BEGIN
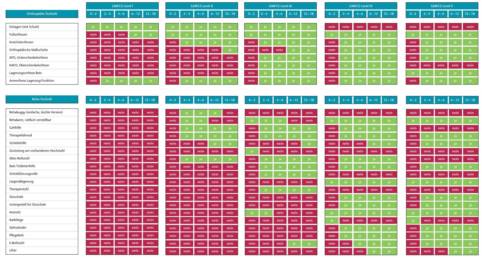 Der Erfolg der vorgestellten Matrix hängt unter anderem davon ab, dass sie in einer Sprechstunde auch tatsächlich genutzt wird. Dafür muss sie möglichst einfach und auch kompakt sein. Zu diesem Zweck wurde aus den fünf einzelnen Tabellen (Beispiele Tab. 2 u. 3) eine Gesamtübersicht (Abb. 1) erarbeitet. Diese kann im DIN-A4-Querformat ausgedruckt werden und ist somit in jedem Setting immer schnell greifbar. In den waagerechten Zeilen sind jeweils die Hilfsmittel aufgeführt, in den senkrechten Spalten die GMFCS-Level 1 bis 5, jeweils unterteilt in die fünf Altersgruppen. Mit zunehmender Einschränkung der Mobilität und Funktionalität als Erscheinungsbild der Cerebralparese steigt der Bedarf an Orthesen und Reha-Hilfsmitteln. In der Gesamtübersicht (Abb. 1) lässt sich dies anhand der grafischen Darstellung (rot bzw. grün markiert) einfach ablesen. Links beginnt die Matrix mit GMFCS-Stufe 1 und entwickelt sich nach rechts hin bis zur Stufe 5. Somit steigt von links nach rechts die Notwendigkeit von Hilfsmitteln und somit die Anzahl grüner Felder. Zusätzlich zur farbigen Markierung ist im jeweiligen Feld entweder „ja“ oder „nein“ angegeben, um Fehlinterpretationen zu vermeiden.
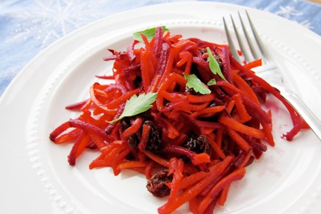 Peel and trim the carrots and beets, then coarsely grate both on a grater – wear rubber gloves if you don’t want pink hands!
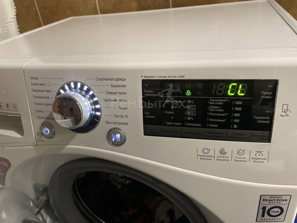 Для моделей LG с сенсорным управлением для снятия блокировки необходимо удерживать 3-4 секунды одну из клавиш основных функций, под которой указана пометка со звёздочкой «Блокировка от детей». Например, это могут быть кнопки «Без складок» или «Отложенная стирка».
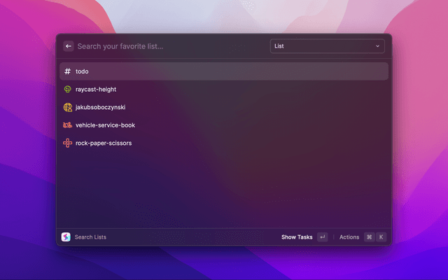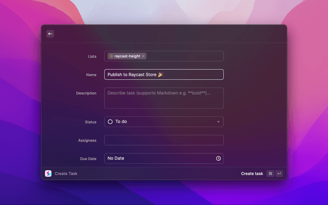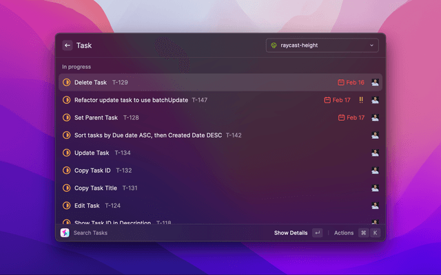 Search, create and manage tasks and lists in Height directly from Raycast.
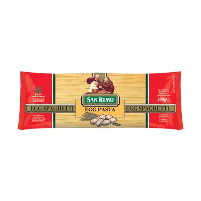 San Remo Egg Spaghetti is shaped like regular Spaghetti, it has a rich taste of egg and cooks in just 12 minutes. Use with a cream sauce to allow the full flavour of the egg to come through. It is free of all artificial colourings, flavourings, and preservatives.
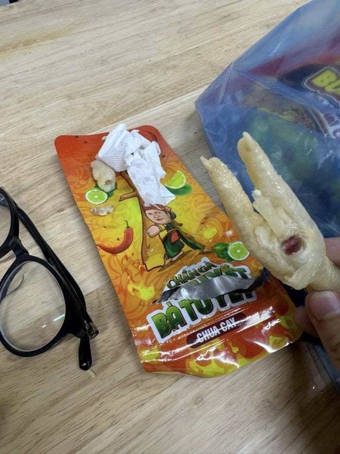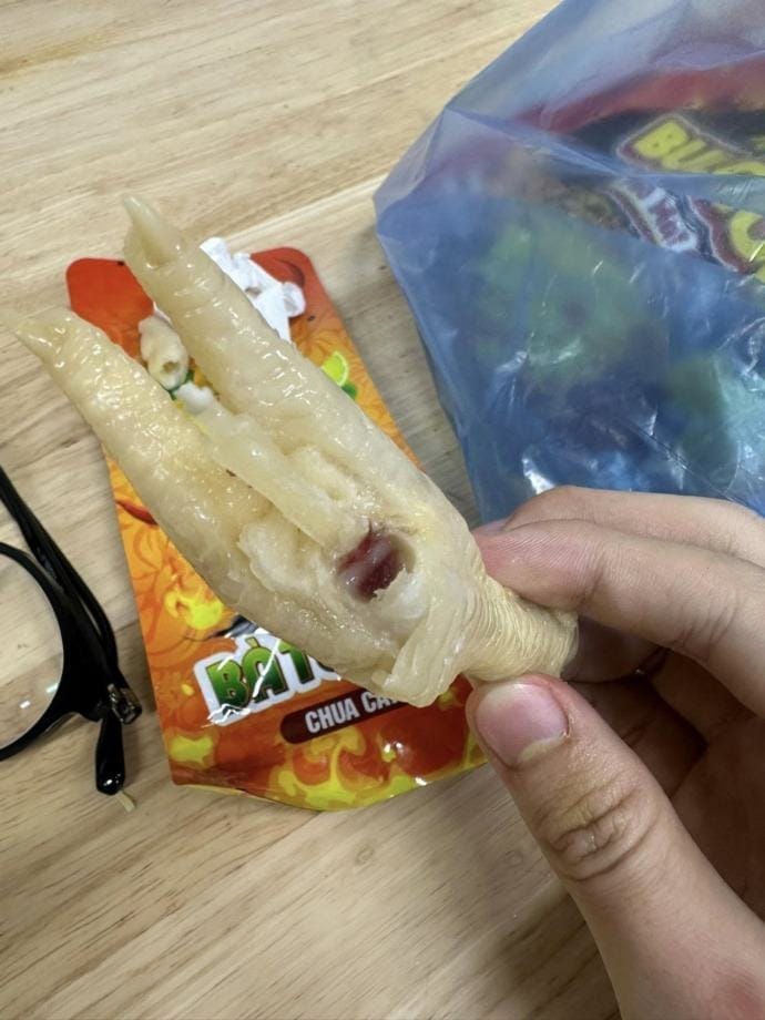 Chưa kịp lắng xuống, một khách hàng khác lại tố chân gà mua về còn màu đỏ bên trong, dấu hiệu chưa chín kèm mùi lạ. Tiếp đó, một sản phẩm khác bị phát hiện có sợi dây mảnh nối các miếng bánh, khiến dân mạng “toát mồ hôi”. Ăn Cùng Bà Tuyết hứa sẽ phản hồi chính thức, nhưng niềm tin của người tiêu dùng đã phần nào bị lung lay.
END
Return only the lines that start at the line containing "Peel and trim" and finish at the last line of the entries, exactly as written and without pictures.

 Peel and trim the carrots and beets, then coarsely grate both on a grater – wear rubber gloves if you don’t want pink hands!
 Для моделей LG с сенсорным управлением для снятия блокировки необходимо удерживать 3-4 секунды одну из клавиш основных функций, под которой указана пометка со звёздочкой «Блокировка от детей». Например, это могут быть кнопки «Без складок» или «Отложенная стирка».
 Search, create and manage tasks and lists in Height directly from Raycast.
 San Remo Egg Spaghetti is shaped like regular Spaghetti, it has a rich taste of egg and cooks in just 12 minutes. Use with a cream sauce to allow the full flavour of the egg to come through. It is free of all artificial colourings, flavourings, and preservatives.
 Chưa kịp lắng xuống, một khách hàng khác lại tố chân gà mua về còn màu đỏ bên trong, dấu hiệu chưa chín kèm mùi lạ. Tiếp đó, một sản phẩm khác bị phát hiện có sợi dây mảnh nối các miếng bánh, khiến dân mạng “toát mồ hôi”. Ăn Cùng Bà Tuyết hứa sẽ phản hồi chính thức, nhưng niềm tin của người tiêu dùng đã phần nào bị lung lay.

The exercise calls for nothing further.